*** DATA PROVIDED Section Begins ***

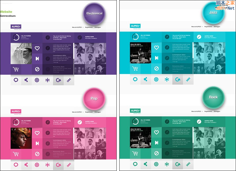 拿紫色界面来说,利用同一色相通过色调深浅对比,营造页面空间层次。虽然色彩深浅搭配合理,但有些难以区分主次,由于是同一色相搭配,颜 色的特性决定着心理感受。
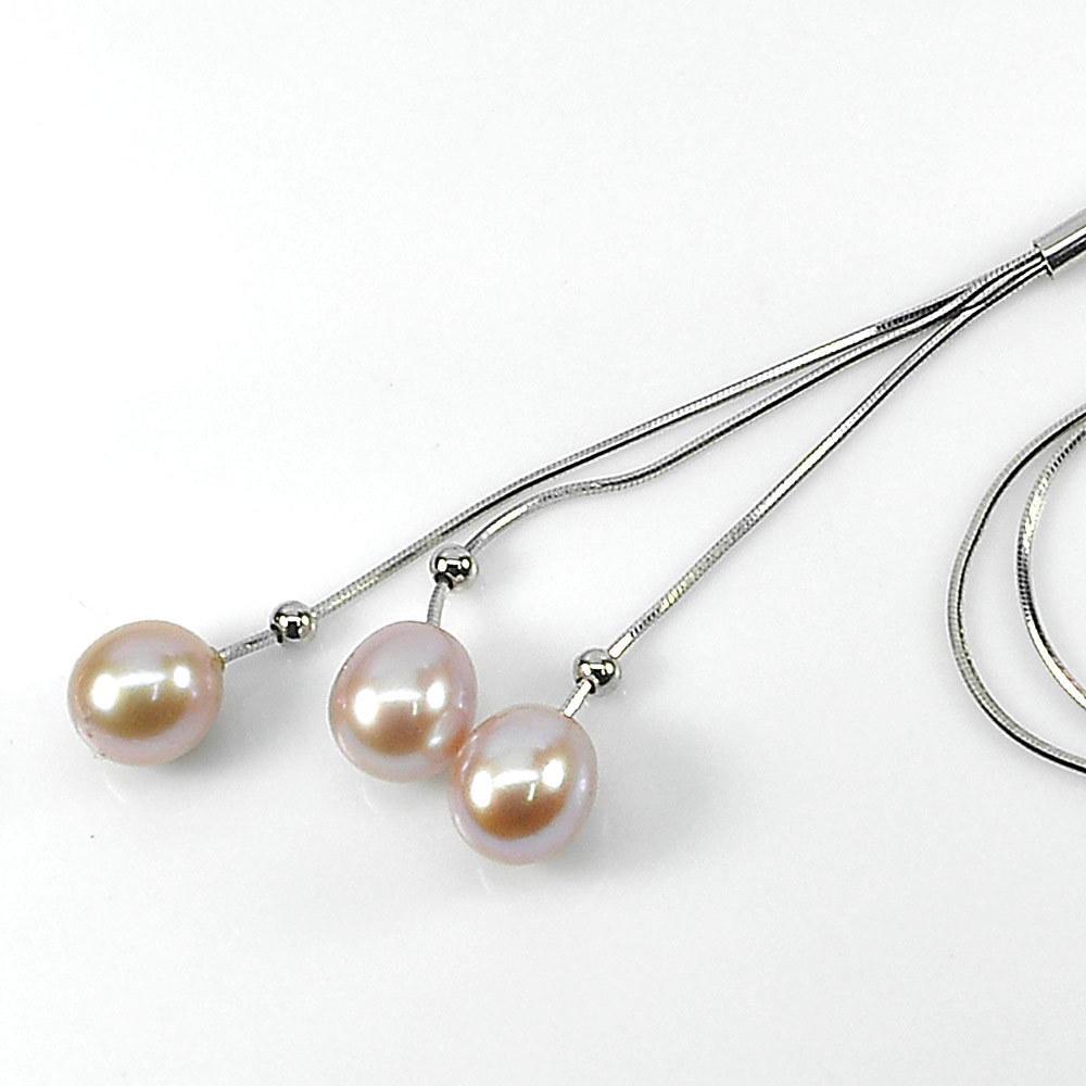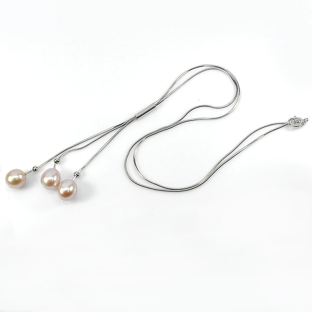 Length 22 Inch. 6.67 G. Natural Pink Pearl Real 925 Sterling Silver Necklace
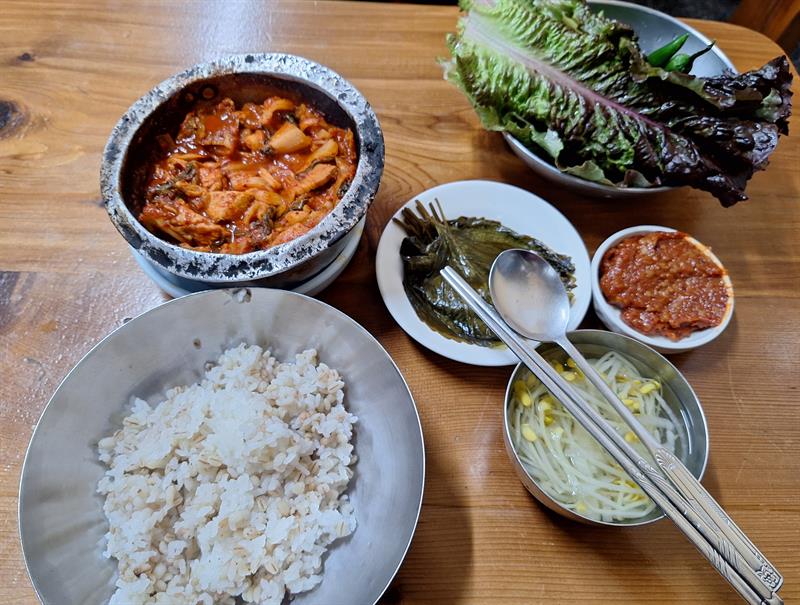 이집은 짜글이 같이 자작자작... 오뎅이 들어간 짭짤이한 돼지김치찌개를 상추에 싸먹는 집이다
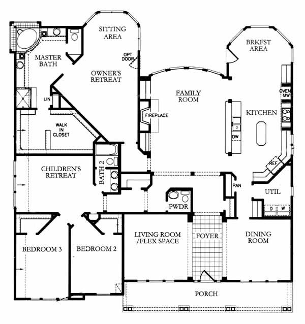 A home many options! The foyer entry goes into a big family room, huge island gourmet kitchen with big breakfast area, children's retreat and an unusually big owner's retreat with bayed sitting area to finish the luxury!

*** DATA PROVIDED Section Ends ***

Your task is to repeat only the lines from the line containing "Length 22 Inch." through the final line of the material, inclusive; do not include pictures.

 Length 22 Inch. 6.67 G. Natural Pink Pearl Real 925 Sterling Silver Necklace
 이집은 짜글이 같이 자작자작... 오뎅이 들어간 짭짤이한 돼지김치찌개를 상추에 싸먹는 집이다
 A home many options! The foyer entry goes into a big family room, huge island gourmet kitchen with big breakfast area, children's retreat and an unusually big owner's retreat with bayed sitting area to finish the luxury!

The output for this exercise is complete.